Here is a profile of Lorenzo Candelaria, Assistant Professor of Musicology, University of Texas at Austin


When Lorenzo Candelaria’s 7-year-old daughter asked what he does at work, the University of Texas musicologist told her, “I study the way people pray.”

“Sacred music and art allow us to touch the face of God, through our perception of the world around us,” says Candelaria, an expert on the Catholic sacred music of Spain and Mexico. “They’re the direct ways through which we try to make sense of life and the afterlife, to understand and gain favor with God. The emotion is the magic that happens at that point of contact.”

While intended to be enigmatic, devotional music was not meant to be esoteric, says the scholar. “So I try to make it meaningful and accessible to others; take it out there to people. It’s fun to see my students get charged up about medieval sacred music.”

A few years ago, Candelaria lived briefly amid the Benedictine monks of Santo Domingo, Spain. While at their abbey, he reveled in the sound and study of Gregorian chant. Even today, pondering an old manuscript of church music evokes for him the transcendent experience of a Catholic mass: the mystical sounds, aromatic incense, sun light filtered through stained glass, robed clergy in ritual movement. It is this multi-sensory experience that he seeks to recreate for his students and readers.

“Those chant manuscripts, illustrated with gorgeous pictures, are the multimedia of the Renaissance,” he says. “With their words, music, images, even border decorations that are almost like ads, they’re not dissimilar to the Web sites of today.”

Dr. Michael C. Tusa, associate director of the University of Texas music department, describes Candelaria as “an exceptional young scholar and a gifted teacher” who has already made a significant contribution to the university and to his field. But it wasn’t planned quite this way.

When embarking on his career, Candelaria originally set out to become a chamber or orchestral musician. He studied classical violin at the Cleveland Institute of Music. Subsequently, he took his talents as a string musician on the road, performing with two highly regarded Mexican-American Mariachi bands. Then he went to Oberlin College/Conservatory for further violin studies, and everything changed.

“We all dreaded taking classes like medieval music history — but I ended up having the most wonderful professors, who made it so interesting and compelling,” he says. Switching majors from performance violin to music history, he graduated with a special prize in the field and proceeded to doctoral studies at Yale.

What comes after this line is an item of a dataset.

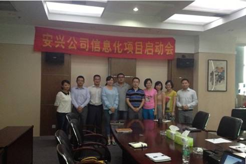 2013年9月23日上午,,,,,安兴生长公司所属安兴营销策划有限公司在CBD广场六楼聚会室召开了ERP信息化项目启动会。。项目小组组长顾可仑、副组长张昕、各案场司理、要害用户及用友软件公司本项目团队认真人加入了聚会。。

Only a few years later, Candelaria is already co-author of a popular college textbook on American music history and has recently written a book on the role of “art music” in Mexican Catholicism. The book addresses the success of liberation theology, which blends Catholic and socialist concepts and imagery, in resonating among the poor of Latin America. For example, musical forms such as folk masses sometimes portray Jesus Christ as a humble worker. And now, among other projects in the works, Candelaria is collaborating with a colleague on ways to use movies as an instructional tool for medieval music history.

“People speak of genius — well, Lorenzo has that capacity to do something extraordinary in a number of areas,” says Dr. Craig Wright, a music professor at Yale, whom Candelaria regards as his primary mentor and role model. “The diversity of his interests and talents is remarkable. I see him becoming a leading voice in music education.”

Raised in El Paso, Texas, Candelaria came from a family of modest means. But his love of the arts was sparked by his music teachers in the Texas public schools. Several were alumni of the very university where he teaches today. In a short time, the young musicologist has come a long way — and yet, come full circle.